▶ **DESCRIPTION OF THE TASK**
Please reproduce the entries below exactly, omitting any images they contain.

-------

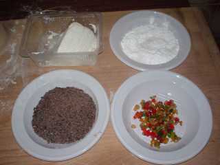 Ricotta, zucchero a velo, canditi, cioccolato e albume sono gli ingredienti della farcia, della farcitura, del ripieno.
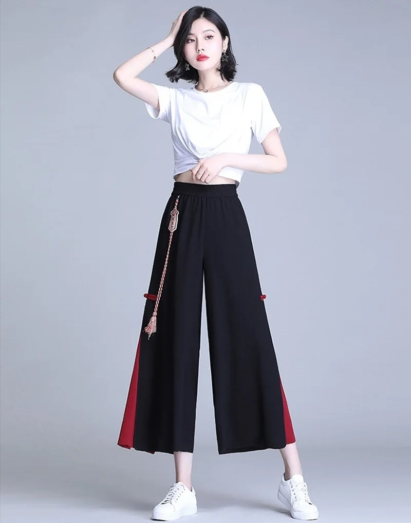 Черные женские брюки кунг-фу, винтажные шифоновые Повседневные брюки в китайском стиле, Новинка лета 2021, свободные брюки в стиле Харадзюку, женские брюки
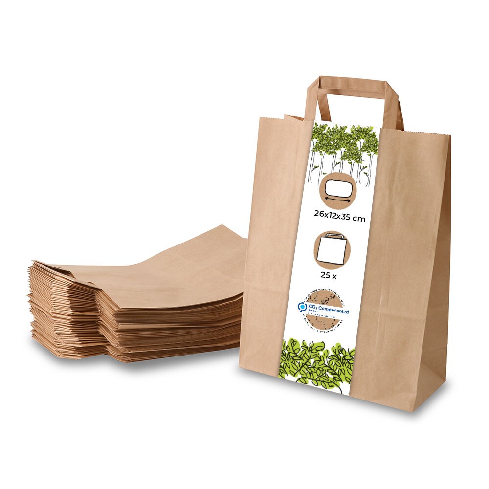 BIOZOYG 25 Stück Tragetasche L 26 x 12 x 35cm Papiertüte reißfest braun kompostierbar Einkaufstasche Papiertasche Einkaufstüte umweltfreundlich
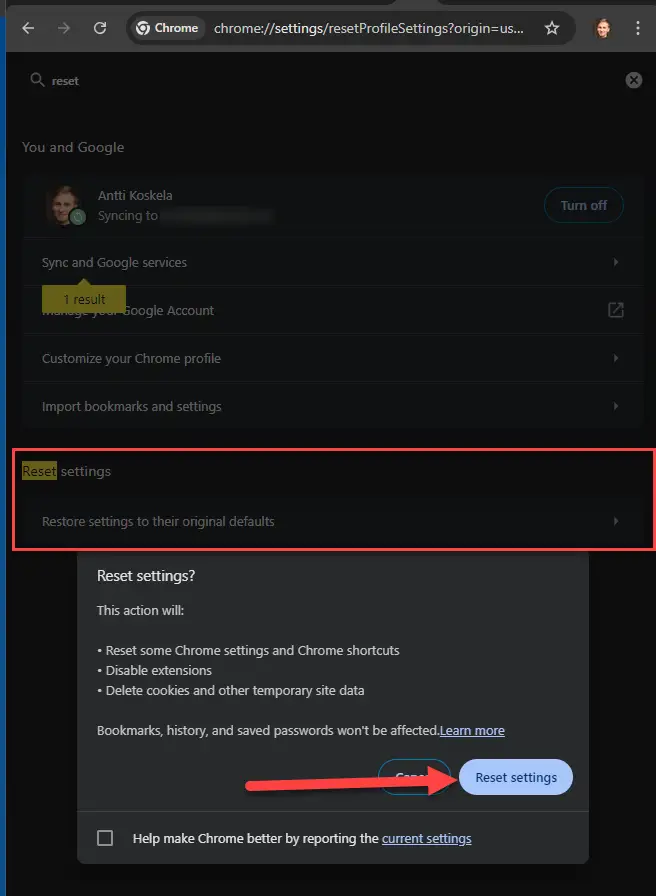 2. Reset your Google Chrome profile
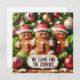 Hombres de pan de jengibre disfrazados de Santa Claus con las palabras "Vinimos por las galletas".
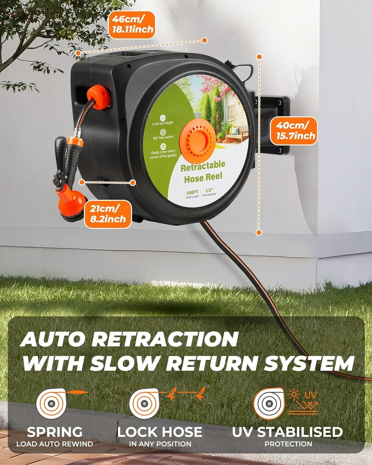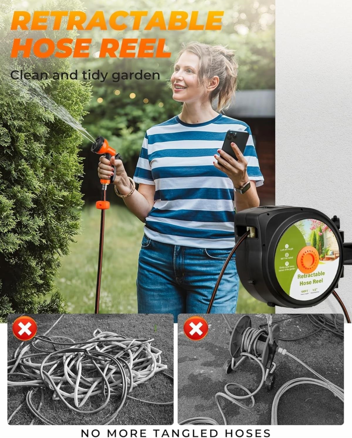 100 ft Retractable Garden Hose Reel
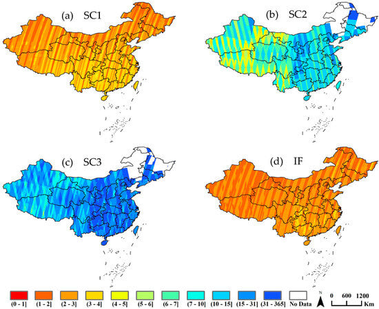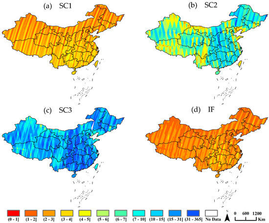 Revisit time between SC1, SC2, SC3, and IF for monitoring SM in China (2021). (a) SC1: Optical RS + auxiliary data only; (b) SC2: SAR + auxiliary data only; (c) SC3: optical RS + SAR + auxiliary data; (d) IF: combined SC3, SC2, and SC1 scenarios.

-------

▶ **RESPONSE TO THIS EXERCISE**
 Ricotta, zucchero a velo, canditi, cioccolato e albume sono gli ingredienti della farcia, della farcitura, del ripieno.
 Черные женские брюки кунг-фу, винтажные шифоновые Повседневные брюки в китайском стиле, Новинка лета 2021, свободные брюки в стиле Харадзюку, женские брюки
 BIOZOYG 25 Stück Tragetasche L 26 x 12 x 35cm Papiertüte reißfest braun kompostierbar Einkaufstasche Papiertasche Einkaufstüte umweltfreundlich
 2. Reset your Google Chrome profile
 Hombres de pan de jengibre disfrazados de Santa Claus con las palabras "Vinimos por las galletas".
 100 ft Retractable Garden Hose Reel
 Revisit time between SC1, SC2, SC3, and IF for monitoring SM in China (2021). (a) SC1: Optical RS + auxiliary data only; (b) SC2: SAR + auxiliary data only; (c) SC3: optical RS + SAR + auxiliary data; (d) IF: combined SC3, SC2, and SC1 scenarios.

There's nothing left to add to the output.